A Branford College freshman was the target of vandalism and a series of threats over the last week, spurring a flurry of rumors around Old Campus and a constant police presence outside Vanderbilt Hall.

In an e-mail to his college’s freshmen late Wednesday, Branford Master Steven Smith warned that a student had reported “several disturbing incidents of vandalism, anonymous messages and harassment” and advised students to take caution in ensuring their doors are locked before they go to bed at night. Students in Vanderbilt, where Branford freshmen live, said several of those messages included death threats directed at the student.

The Yale Police Department has launched an investigation into the matter, YPD Chief James Perrotti confirmed on Thursday. Perrotti declined to provide further details, citing the continuing investigation.

“It’s an ongoing investigation, and we’re right in the middle,” Perrotti said.

The only the sign of the incident on the YPD crime logs is a report of “criminal mischief” at Vanderbilt Hall at an unknown date and time.

According to students in Branford, a freshman was the victim of several acts of serious vandalism in recent days and also received threatening messages from an anonymous person. The student is said to have spent at least one recent night sleeping his friend’s suite out of fear that he could be in danger.

Students spoke on the condition of anonymity because of the sensitivity of the matter.
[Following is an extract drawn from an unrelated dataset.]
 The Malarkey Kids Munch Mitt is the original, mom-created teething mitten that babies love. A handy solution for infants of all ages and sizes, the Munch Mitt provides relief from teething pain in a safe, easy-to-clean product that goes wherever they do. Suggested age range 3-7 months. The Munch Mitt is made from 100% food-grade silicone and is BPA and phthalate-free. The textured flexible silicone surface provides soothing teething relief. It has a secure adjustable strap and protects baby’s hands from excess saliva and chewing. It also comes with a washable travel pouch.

Some students said they had been instructed by University officials and the YPD not to comment about the incident until the matter is resolved.
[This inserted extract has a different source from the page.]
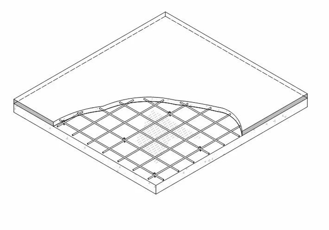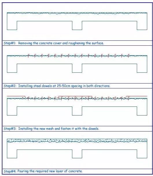現(xiàn)在,主要講一下新增混凝土層加固。首先,如果樓板是房間四周的裂縫較多,或者下部鋼筋本身良好,只是配筋量稍微不足或混凝土強(qiáng)度不足,那么基本都可以從現(xiàn)有樓板上部增加不小于40mm的新混凝土層來加固,理論上新增厚度越大越好,但是同時(shí)新增混凝土層的重量越重,要考慮現(xiàn)有樓板鋼筋和基礎(chǔ)的承載力。

Two of the targets suitemate’s declined to comment. His roommate could not be reached for comment.

The victim — whose name is being withheld by the News at his request — had landed parts in two prominent campus theatrical productions this fall, and some students speculated that the threats may have been made in retaliation by a student who was passed over for a part in one of the plays.

The mother of the targeted student said she could not yet comment about the incident or the investigation.
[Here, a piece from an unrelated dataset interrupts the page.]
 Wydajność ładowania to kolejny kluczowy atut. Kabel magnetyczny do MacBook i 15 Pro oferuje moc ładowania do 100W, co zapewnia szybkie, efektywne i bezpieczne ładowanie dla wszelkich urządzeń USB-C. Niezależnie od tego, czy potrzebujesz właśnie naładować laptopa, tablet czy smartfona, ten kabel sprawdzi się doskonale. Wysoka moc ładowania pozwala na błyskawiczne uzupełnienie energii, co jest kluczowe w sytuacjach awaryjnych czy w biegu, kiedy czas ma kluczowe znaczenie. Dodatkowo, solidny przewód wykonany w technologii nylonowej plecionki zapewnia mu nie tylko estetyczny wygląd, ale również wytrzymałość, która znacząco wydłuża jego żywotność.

The incident had shaken students in Vanderbilt and around Old Campus, where rumors were rampant on Thursday. Residents of Vanderbilt said a YPD officer has recently been stationed in front of the dormitory at all hours.

University officials have been noticeably vague in describing the incident. In his e-mail, Smith told students to watch for suspicious behavior and ensure their entryway doors are locked when they leave their suite and when they go to bed at night.

“I do not wish to alarm anyone, but my highest priority, as always, is the safety and security of the students in this college,” he wrote.

While many students said they were frustrated with the lack of information offered by Yale officials, some said they understand the investigators’ discretion.

Jie Qu ’11, a freshman in Branford, said she does not know much about the incident besides what was in Smith’s e-mail, but that she expects the officials to update students as information becomes available.

“I feel like if there is an investigation or something, I don’t know how much info they can give,” she said. “I’m sure if they knew what happened for sure they would tell us.”

Also on Wednesday, Branford Dean Daniel Tauss sent an e-mail to all Branford students urging them to be “a force for good.” It did not specifically address the incident in Vanderbilt, but appeared to have been prompted by it. His e-mail closed with the contact information for seven campus support resources as well as the YPD, followed by typical college announcements.

Tauss’ 600-word introduction to his weekly Branford-wide e-mail did not specifically address the incident in Vanderbilt but appeared to have been prompted by it.

“I urge each of you to think carefully about the impact of your actions, in terms of how a specific individual might be the victim of your behavior, more broadly how it might negatively impact our community, or even how it might tarnish your own reputation,” he said.

Smith and Tauss declined to comment for this article, and Deputy University Secretary Martha Highsmith, who oversees the YPD, could not be reached for comment.